Il 21/02/22 00:44, Eric Bezault ha scritto:
Just to be clear, I'm not trying to "sell" you the notation specified
in ECMA for non-conforming inheritance. I just tried to explained
what it is and what lead to this design, without any assumption about
whether this notation is good or bad. Anyway, ECMA only specifies
'inherit {NONE}' in the standard, but not 'inherit {SOME_OTHER_CLASS}'.

Don't worry, I have truly appreciated your explanation. Over the years I remember I have asked here and there the same question elsewhere without receiving any reasonable answer.

Your instead not only is the first "real answer" on the matter but it's also "sound and solid" and suddenly explains, at least to me, why "inherit {NONE}" has been chosen.

Now I "only" have a couple of question.

First, as I never approached the question this way I have to understand where and how this "selective conformity" may be useful.

Secondly it seems not to be part of ECMA Eiffel, 2nd edition, at least from https://www.ecma-international.org/publications-and-standards/standards/ecma-367/ ; I also searched for eiffel.org founding https://www.eiffel.org/doc/eiffel/ET-_Inheritance#Non-conforming_inheritance

Both documents, the standard and the web page don't cite this "selective inheritance".

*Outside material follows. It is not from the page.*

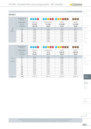 HF UNI - Variable Helix and unequal pitch - 45° chamfer CUTTING PARAMETERS INFO HF441 Material GroupISO 513 P1 P2 P7 K1 P3 P4 M1 K2 K3 P5 M2 M3 K4 S1 S4 S2 S3 S5 Hardness/Rm ≤700 N/mm² 600÷1000 N/mm² ≤35 HRC ≤40 HRC ap x ae D x 0.4D D x 0.4D D x 0.25D D x 0.25D Vc (m/min) 100÷120 60÷80 45÷65 30÷40 D fz(mm)(mm/z) fz(mm/z) fz(mm/z) fz(mm/z) CARBIDEDRILLS VERTICAL 6 0.024 0.022 0.018 0.017 PU-HPU 8 0.032 0.028 0.024 0.022 TA-4HTA 10 0.038 0.034 0.028 0.026 SUH 12 0.043 0.039 0.032 0.030 ALH 14 0.049 0.044 0.036 0.034 HRC 16 0.054 0.049 0.041 0.038 SUH MINI 18 0.059 0.053 0.045 0.042 HL 20 0.066 0.059 0.049 0.046 HSD C-SD-TA Material Group P1 P2 P7 K1 P3 P4 M1 K2 K3 P5 M2 M3 K4 S1 S4 S2 S3 S5 ISO 513 Hardness/Rm ≤700 N/mm² 600÷1000 N/mm² ≤35 HRC ≤40 HRC ap x ae DxD DxD 0.5D x D 0.5D x D Vc (m/min) 85÷105 55÷75 40÷60 20÷40 D fz fz fz fz (mm) (mm/z) (mm/z) (mm/z) (mm/z) HSS 3 0.006 0.006 0.005 0.007 DRILLS 4 0.008 0.007 0.007 0.009 DRILLING 5 0.010 0.009 0.008 0.011 LFTA 6 0.012 0.011 0.010 0.013 SUTAHSS-HSS/CO 8 0.016 0.014 0.013 0.017 10 0.019 0.017 0.015 0.021 12 0.022 0.019 0.017 0.024 14 0.024 0.022 0.019 0.027 16 0.027 0.024 0.022 0.030 18 0.030 0.027 0.024 0.033 20 0.033 0.030 0.026 0.036 ap x ae ≤ D5 0.5D x D 0.5D x D 0.25D x D 0.25D x D CARBIDE END-MILLS G2 MDTA HF VH/UP MEF ALU MEX/MH UH/MH HSS END-MILLS CARBIDE BURRS PARAMETERS SUGGESTED WITH HIGH PRECISION WELDON CHUCK AND STABLE MACHINING CONDITION. FOR APPLICATION ON HIGH POWER MILLING CHUCK, PLEASE REFER TO HF440 PARAMETERS. 383

Selective inheritance seems a powerful abstraction - I dare say it could look magic to people used to using other languages -  but as far as I can say it has a lot of interactions with the other rules of the language.

It's a little mind-globbing, at least to me.

Personally I find the explantion of non conforming inheritance syntactically exact but a little hard to grasp:

Non-conforming inheritance allows features to be inherited from parent to heir, but it disallows polymorphic attachment of a direct instance of an heir to an entity based on a non-conforming parent.

I rather prefer the "non-conforming inheritance allows an object to have all the features of a class without being an instance of that class" or even more concise: "insert X" means "have all the features of X, but it is not an X". 

I also don't want to force "insert", but the dichotomy inherit/insert makes sense when conformity is a dichotomy, i.e. a class either conform or not to another, instead of selectively conform depending on where it is used.

The more I think about it the more "inherit {FOO}" seems to be a shapeshifting power :)

But I have not given it enough thought to get a clear idea on the matter.

Has this idea been discussed somewhere?